I have extracted all the required information from the homepage. Now to get further information on Genres, Runtimes, and Plot Summaries we will have to go to the individual website of the TV Shows and extract information from there. This is how one of the individual TV Show website looks:

![](https://i.imgur.com/WrTkjd8.png)

First lets get the URLS of individual TV Shows. We can see that the individual link of the TV Show is contained in the *a href* attribute of `td` tag of class `titleColumn`: 
![](https://i.imgur.com/57gOFqK.png)

Here is function to get all the individual websites:

In [44]:
def get_tv_show_url(doc):
    """Function to get individual web sites of all the TV Shows"""

    # Get a[href] attribute from td tags of class 'titleColumn'         
    tv_show_href_tags = doc.select('td.titleColumn a[href]')
    
    # Iterate over individual tags to extract a[href] attribute and append all the results to href_list
    href_list = []
    for link in tv_show_href_tags:
        a = (link['href'])
        href_list.append(a)
    
    # Add the base url(https://www.imdb.com) to the href_list to get the indivdual websites
    tv_show_urls = []
    base_url = 'https://www.imdb.com'
    for href in href_list:
        url = base_url + href
        tv_show_urls.append(url)
        
    return tv_show_urls

The function `get_tv_show_url` takes a Beautiful Soup object as an input and returns all the individual websites of the TV Shows mentioned. 

In [45]:
tv_show_urls = get_tv_show_url(doc)

In [46]:
len(tv_show_urls)

250

The variable *tv_show_urls* has all individual TV Show URLS. It has the length 250 which confirms that my function is working. Here is the links of the first 5 TV Shows:

In [47]:
tv_show_urls[:5]

['https://www.imdb.com/title/tt5491994/',
 'https://www.imdb.com/title/tt0795176/',
 'https://www.imdb.com/title/tt0903747/',
 'https://www.imdb.com/title/tt0185906/',
 'https://www.imdb.com/title/tt7366338/']

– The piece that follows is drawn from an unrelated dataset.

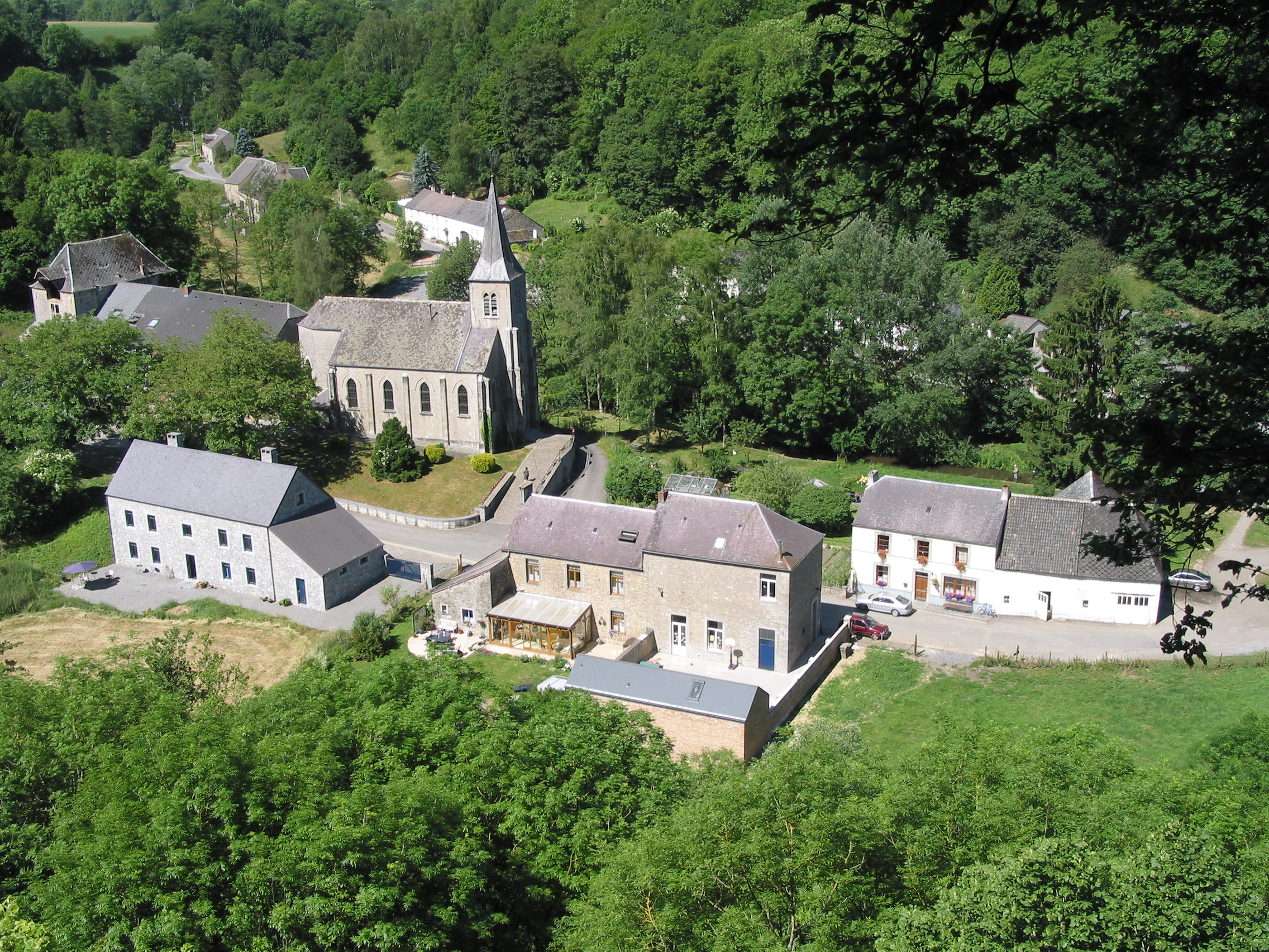 Lompret (Belgium), village included in the list of exceptional heritage of Wallonia (22 October 1982 - Bois Franc site).

I can use the `get_page` function defined earlier to get the Beautiful Soup object by passing the url of the TV Shows.

I will be using the object to get further information in the individual site.

### Finding Genres of the TV Shows 
The Genres is contained in the `span` tag of class `ipc-chip__text` having a parent `div` tag of class `GenresAndPlot__ContentParent-cum89p-8 bFvaWW Hero__GenresAndPlotContainer-kvkd64-11 twqaW` or in some cases of class `GenresAndPlot__OffsetContentParent-cum89p-9 dUAPpa Hero__GenresAndPlotContainer-kvkd64-11 twqaW` as shown in the picture below:
![](https://i.imgur.com/HLyMVg7.png)

![](https://i.imgur.com/mPBmTb5.png)

Here is a function to do so:

In [49]:
def get_genres(doc):
    # Get div tags of class 'GenresAndPlot__ContentParent-cum89p-8 bFvaWW Hero__GenresAndPlotContainer-kvkd64-11 twqaW' and 'GenresAndPlot__OffsetContentParent-cum89p-9 dUAPpa Hero__GenresAndPlotContainer-kvkd64-11 twqaW'
    div_tags_genres = doc.find_all("div", {"class":["GenresAndPlot__ContentParent-cum89p-8 bFvaWW Hero__GenresAndPlotContainer-kvkd64-11 twqaW",
    "GenresAndPlot__OffsetContentParent-cum89p-9 dUAPpa Hero__GenresAndPlotContainer-kvkd64-11 twqaW"]})
        
    # Get span tags of class'chip__text' from the div tags 
    span_tags_genres = []
    for div_tags_genre in div_tags_genres:
        span_tags_genres.append(div_tags_genre.find_all('span', class_ = 'ipc-chip__text'))
    
    # Iterate over individual tags to extract .text of span tag and append all the results to show_genre    
    show_genre = []
    for span_tags_genre in span_tags_genres[0]:
        show_genre.append(span_tags_genre.text)
    tv_show_genres = '|'.join(show_genre)
    
    return tv_show_genres

In [50]:
ex_web_page_url = tv_show_urls[2]

In [51]:
ex_web_page_url

'https://www.imdb.com/title/tt0903747/'

Storing a sample TV Show website in *ex_web_page_url* to test out my function

In [52]:
ex_web_page_doc = get_page(ex_web_page_url)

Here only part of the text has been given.